• [Aim of the task] Where the word "para" appears in a line below, copy the whole line.

• [Data extract]
===============
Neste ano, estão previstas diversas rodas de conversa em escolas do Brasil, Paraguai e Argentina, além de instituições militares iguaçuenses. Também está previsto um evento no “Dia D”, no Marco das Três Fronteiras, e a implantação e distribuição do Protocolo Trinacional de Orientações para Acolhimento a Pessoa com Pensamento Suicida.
===============
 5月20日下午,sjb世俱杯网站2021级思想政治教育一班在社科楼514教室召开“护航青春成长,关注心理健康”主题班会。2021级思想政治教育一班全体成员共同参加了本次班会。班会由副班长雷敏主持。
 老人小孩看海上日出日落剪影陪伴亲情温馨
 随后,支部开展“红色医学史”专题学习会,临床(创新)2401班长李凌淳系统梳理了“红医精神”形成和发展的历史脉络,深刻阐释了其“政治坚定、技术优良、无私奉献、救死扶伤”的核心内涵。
===============
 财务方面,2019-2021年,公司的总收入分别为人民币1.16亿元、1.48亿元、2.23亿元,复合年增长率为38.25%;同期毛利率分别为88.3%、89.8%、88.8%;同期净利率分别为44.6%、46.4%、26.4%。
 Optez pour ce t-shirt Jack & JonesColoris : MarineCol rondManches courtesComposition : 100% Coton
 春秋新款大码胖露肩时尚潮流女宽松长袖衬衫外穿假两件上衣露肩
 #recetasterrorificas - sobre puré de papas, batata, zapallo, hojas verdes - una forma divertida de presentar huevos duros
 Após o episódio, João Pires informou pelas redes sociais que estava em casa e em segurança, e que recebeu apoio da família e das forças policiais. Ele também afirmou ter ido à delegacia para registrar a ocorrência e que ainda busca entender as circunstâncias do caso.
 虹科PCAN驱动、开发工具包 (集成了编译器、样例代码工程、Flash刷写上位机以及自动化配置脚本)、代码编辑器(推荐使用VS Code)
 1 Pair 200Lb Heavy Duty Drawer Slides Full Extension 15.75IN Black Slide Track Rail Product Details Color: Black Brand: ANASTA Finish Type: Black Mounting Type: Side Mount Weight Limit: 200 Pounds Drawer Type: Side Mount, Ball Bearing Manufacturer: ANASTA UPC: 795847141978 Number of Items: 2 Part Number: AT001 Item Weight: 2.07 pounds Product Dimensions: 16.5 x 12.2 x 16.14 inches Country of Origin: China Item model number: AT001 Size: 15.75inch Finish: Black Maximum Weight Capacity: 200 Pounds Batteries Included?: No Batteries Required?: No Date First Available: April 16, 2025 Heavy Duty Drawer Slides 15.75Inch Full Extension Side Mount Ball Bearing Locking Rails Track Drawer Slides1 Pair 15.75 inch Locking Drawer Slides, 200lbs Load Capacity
===============
• [Result for this exercise]
Neste ano, estão previstas diversas rodas de conversa em escolas do Brasil, Paraguai e Argentina, além de instituições militares iguaçuenses. Também está previsto um evento no “Dia D”, no Marco das Três Fronteiras, e a implantação e distribuição do Protocolo Trinacional de Orientações para Acolhimento a Pessoa com Pensamento Suicida.
 Após o episódio, João Pires informou pelas redes sociais que estava em casa e em segurança, e que recebeu apoio da família e das forças policiais. Ele também afirmou ter ido à delegacia para registrar a ocorrência e que ainda busca entender as circunstâncias do caso.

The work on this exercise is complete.